Brief – Pictures must not appear in your answer. Write out exactly the lines from the one with "L’edizione enfatizza uno" through the last line of the entries below.

Data for this exercise –
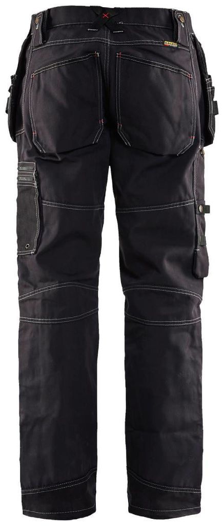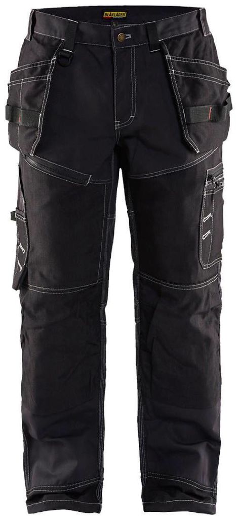 Blåkläder byxa 15001370 med två lösa spikfickor i Cordura med verktygshankar, kan stoppas innanför byxan. Gylf med knappar. Sidfickor. Två bakfickor med bälg. Hammarhank. Ficka på lår. Förstärkt tumstocksficka med pennficka och dubbel knivhållare.
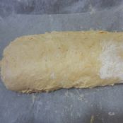 Transcurrido el tiempo de reposo estiramos la masa con un rodillo, yo lo he hecho sobre papel de horno y de ese modo luego nos será más fácil enrollar. Con la masa formamos un rectángulo, si es necesario espolvoreamos con harina para que no se nos pegue al rodillo, cortamos los bordes sobrantes de masa y la reservamos para luego decorar el pan.
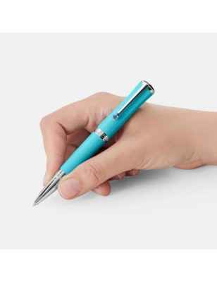 L’edizione enfatizza uno dei suoi colori preferiti, il turchese, nella pregiata resina del corpo e del cappuccio, mentre la silhouette sottile ed elegante riflette la bellezza aggraziata di Maria Callas. Per evocare la sua patria circondata dal mare, la Grecia, la clip finitura platino è impreziosita da una pietra sintetica il cui colore ricorda il luminoso blu turchese del Mar Egeo. Il dettaglio di un costume tratto dalla “Norma” di Bellini, uno dei suoi ruoli più iconici per quanto riguarda il “bel canto”, si riflette nel motivo a foglie di alloro che avvolge il cono finitura platino dell’edizione, assieme alla goffratura della firma del rinomato soprano.
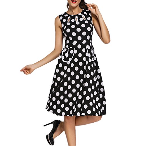 Adorable polka dot spread all over the dress, tank silhouette with sleeveless
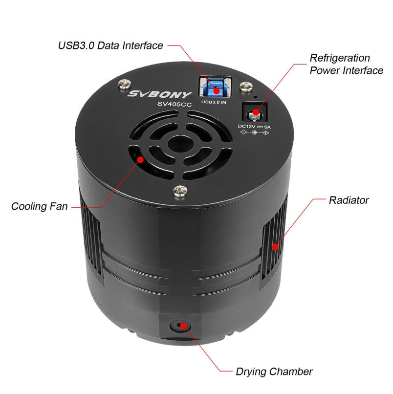 The Svbony 405CC brings professional astrophotography within reach: with its cooled SONY IMX294 colour CMOS sensor, 4/3" format and high quantum efficiency, it delivers noise-free, brilliant deep-sky images – even under skies affected by light pollution. Active cooling ensures stable temperatures, whilst USB 3.0 transfer and AR-coated optics guarantee maximum image quality. Ideal for ambitious astrophotographers who want to capture more detail, more depth and more colour from the universe.
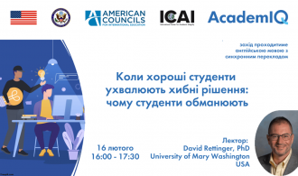 У вівторок, 16 лютого о 16:00 відбудеться лекція радника проєкту «Ініціатива академічної доброчесності та якості освіти», почесного президента Міжнародного центру академічної доброчесності Девіда Ретінджера «Коли хороші студенти ухвалюють хибні рішення: чому студенти обманюють».

Response below –
 L’edizione enfatizza uno dei suoi colori preferiti, il turchese, nella pregiata resina del corpo e del cappuccio, mentre la silhouette sottile ed elegante riflette la bellezza aggraziata di Maria Callas. Per evocare la sua patria circondata dal mare, la Grecia, la clip finitura platino è impreziosita da una pietra sintetica il cui colore ricorda il luminoso blu turchese del Mar Egeo. Il dettaglio di un costume tratto dalla “Norma” di Bellini, uno dei suoi ruoli più iconici per quanto riguarda il “bel canto”, si riflette nel motivo a foglie di alloro che avvolge il cono finitura platino dell’edizione, assieme alla goffratura della firma del rinomato soprano.
 Adorable polka dot spread all over the dress, tank silhouette with sleeveless
 The Svbony 405CC brings professional astrophotography within reach: with its cooled SONY IMX294 colour CMOS sensor, 4/3" format and high quantum efficiency, it delivers noise-free, brilliant deep-sky images – even under skies affected by light pollution. Active cooling ensures stable temperatures, whilst USB 3.0 transfer and AR-coated optics guarantee maximum image quality. Ideal for ambitious astrophotographers who want to capture more detail, more depth and more colour from the universe.
 У вівторок, 16 лютого о 16:00 відбудеться лекція радника проєкту «Ініціатива академічної доброчесності та якості освіти», почесного президента Міжнародного центру академічної доброчесності Девіда Ретінджера «Коли хороші студенти ухвалюють хибні рішення: чому студенти обманюють».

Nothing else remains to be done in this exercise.